**Directions:** Transcribe exactly the lines that fall between the one holding "The wars that" and the one holding "Step out like", inclusive, from the entries below.

**Task material:**
┄┄┄┄┄┄┄┄┄┄┄┄┄┄┄┄┄┄┄┄
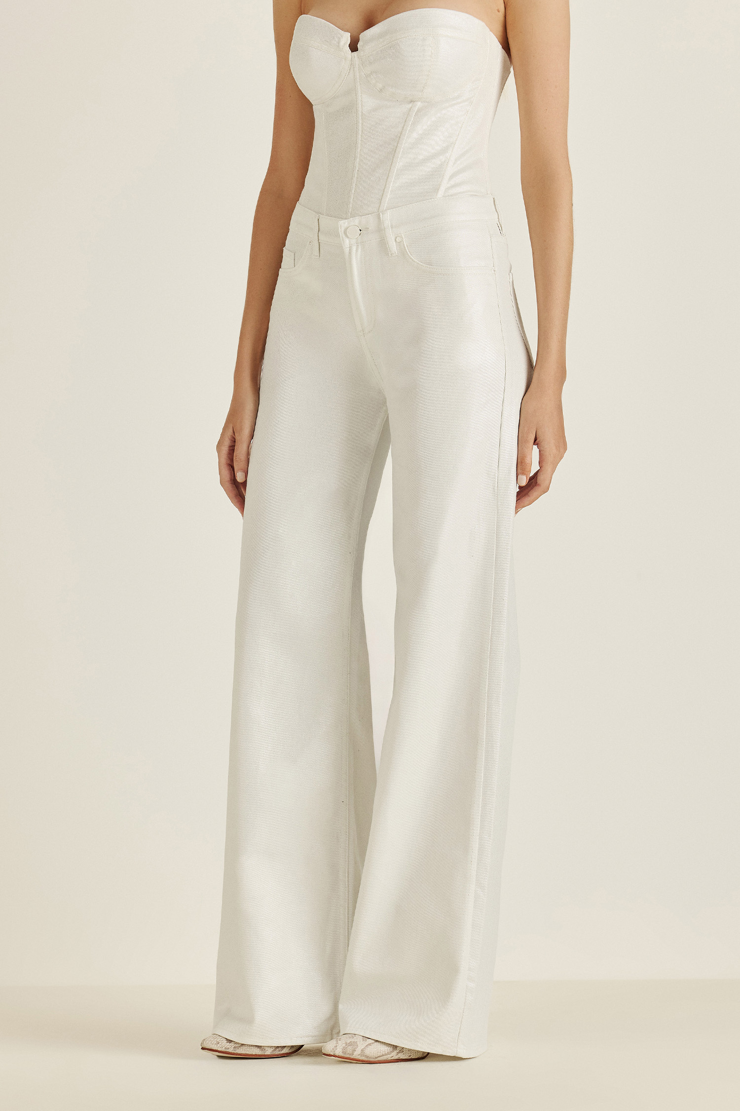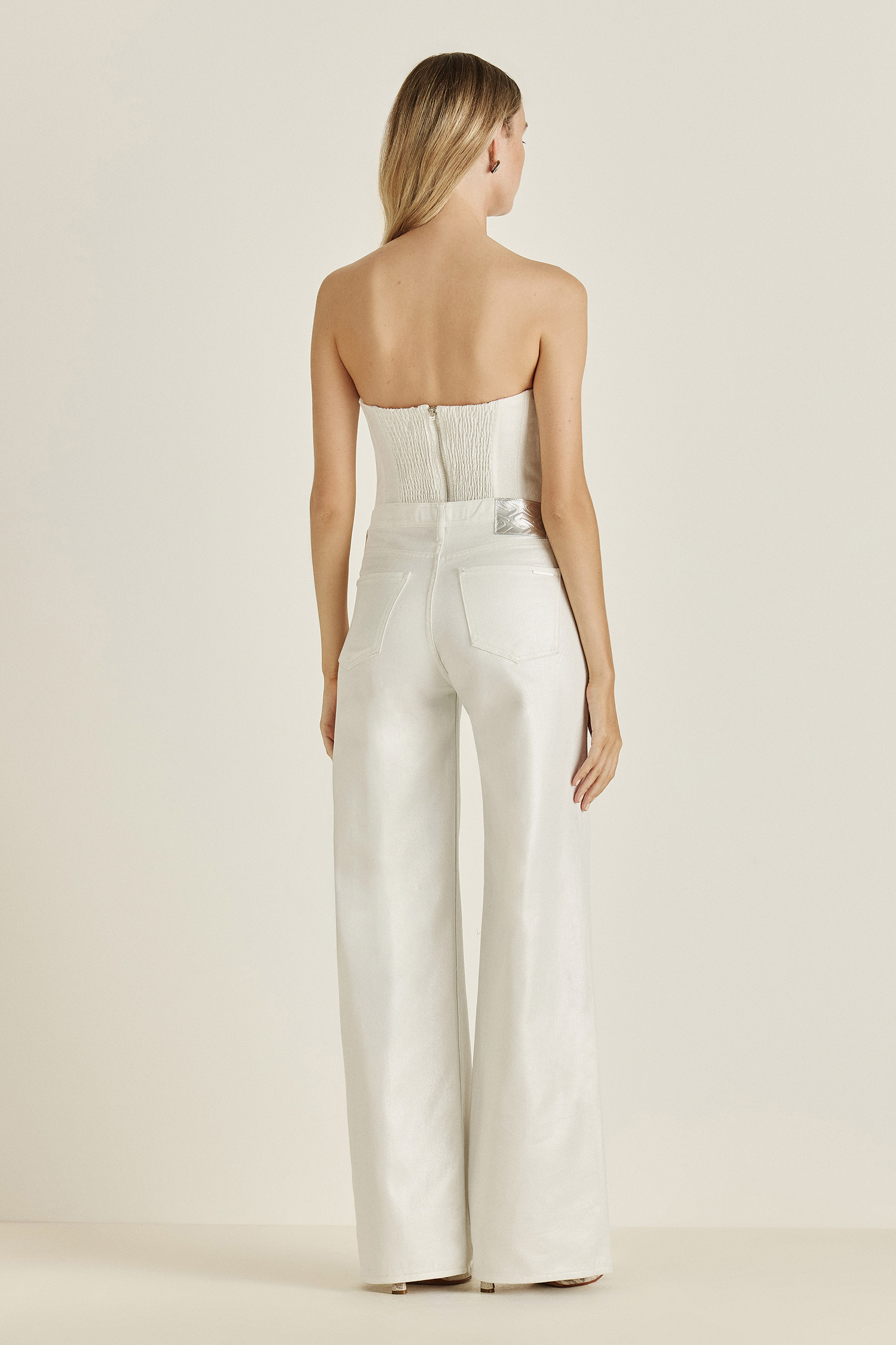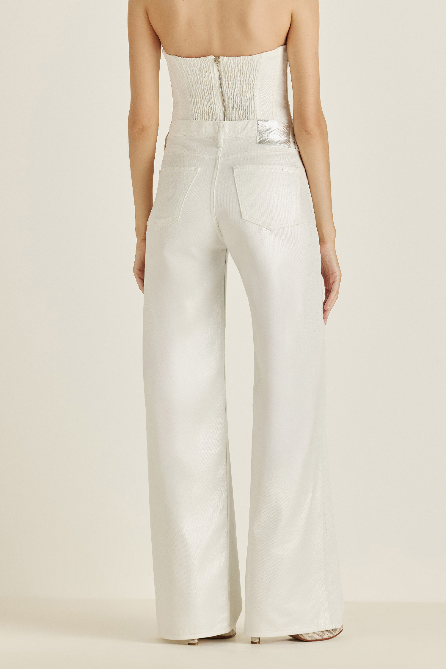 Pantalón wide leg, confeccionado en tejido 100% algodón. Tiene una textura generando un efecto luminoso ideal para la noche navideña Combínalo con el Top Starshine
┄┄┄┄┄┄┄┄┄┄┄┄┄┄┄┄┄┄┄┄
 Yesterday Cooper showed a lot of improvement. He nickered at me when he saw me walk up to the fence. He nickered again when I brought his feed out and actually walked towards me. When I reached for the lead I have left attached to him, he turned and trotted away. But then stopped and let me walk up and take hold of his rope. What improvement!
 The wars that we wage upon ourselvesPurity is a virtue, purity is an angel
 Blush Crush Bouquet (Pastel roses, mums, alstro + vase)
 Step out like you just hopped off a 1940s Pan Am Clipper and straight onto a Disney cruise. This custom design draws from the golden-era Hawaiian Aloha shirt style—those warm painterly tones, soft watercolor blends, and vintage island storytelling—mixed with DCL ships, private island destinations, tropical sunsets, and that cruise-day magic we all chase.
┄┄┄┄┄┄┄┄┄┄┄┄┄┄┄┄┄┄┄┄
**Expected answer:**
 The wars that we wage upon ourselvesPurity is a virtue, purity is an angel
 Blush Crush Bouquet (Pastel roses, mums, alstro + vase)
 Step out like you just hopped off a 1940s Pan Am Clipper and straight onto a Disney cruise. This custom design draws from the golden-era Hawaiian Aloha shirt style—those warm painterly tones, soft watercolor blends, and vintage island storytelling—mixed with DCL ships, private island destinations, tropical sunsets, and that cruise-day magic we all chase.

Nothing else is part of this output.